3. Maintain your own energy in the presence of energy suckers
We’ve all heard the term “energy-vampire” before. Sometimes, we just feel like certain situations, people or tasks are purposely trying to suck the life out of us. The reality is that we are actually allowing energy suckers to take the wind out of our sails.
To stop this, immediately, we might take steps to notice the power we are handing-over to other people. Perhaps we need to redirect our attention towards more inspiring things, or at minimum, adjust our approaches.
For instance, maybe instead of taking another person’s rude comments personally, we could choose to understand that something painful might be going on for them behind the scenes, in which case, we can either seek further understanding and listen curiously, or simply move away, while giving that person some space to process their own feelings and outlooks.
That is, without dumping their loads onto us.
4. Have the courage to move on.
It can be tempting to continuously engage in a habitual dance with someone’s big ego, simply because people who have them might project their own sense of influence over us.
Just remember, simply because someone displays an extreme level of self-importance, does not mean that they are a critical to us, our happiness, or our goals.
In fact, more likely than not, these people are doing nothing more than distracting us from the things we want.
And, if we observe that the only effect another person has on us is to drain our own energy, then we can pretty much bet that we have a compatible impact on them.
Either that, or they are so disconnected from their emotions, that they don’t really care how we feel anyway.
It’s clearly not serving anyone to stay in close contact with people who constantly rub us the wrong way.
So, having the courage to let go of people with big egos, no matter how influential or impressive they may seem, while staying focused on what feels genuinely right to us, is quite possibly the most powerful way that we can transcend our own egos and connect with our “essential selves.”
Now for the most important part. What is so liberating about transcending our egos anyway? The simple answer is that when we do, life becomes a lot less stressful and a heck of a lot more enjoyable.
While the big egos around us continue to care about what everyone else thinks of them, we begin to release such concerns and worry – and, it’s pretty darn liberating.
On the flip side, when our egos are inflated, we are more focused on serving external needs and perceptions. This is a draining and exhausting climb to ‘keep-up’ with what everyone else wants from us.

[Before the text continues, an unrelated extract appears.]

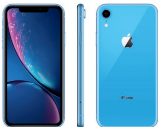
iPhone XR de 128 GB, Azul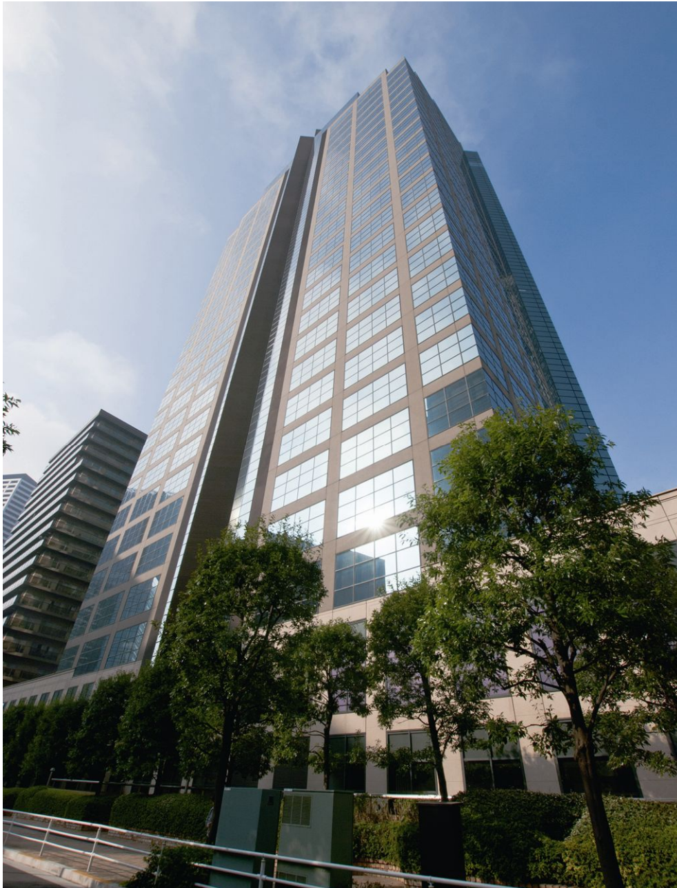
【参考資料3】本物件の外観写真

It’s also an endless pursuit of futility, where we hit the panic button and continue to work ourselves into overdrive, simply to climb a mountain that leads us to nowhere. Nowhere, at least, but a peak of pure stress with a big view of pressure and other peoples’ expectations – surrounded by none other than, you guessed it… a lot of big egos.
Restraining ourselves from climbing such a mountain involves keeping our own egos in check.
This requires our ability to recognize why and how we engage with people. And, when we do, we may find ourselves choosing different mountains to climb altogether – mountains that connect us with our purpose, potential, and where we find different people with big things other than egos – such as big dreams, big personalities, big curiosity, and big hearts.
Now, that sounds more like mountains worth climbing – where the views are simply limitless.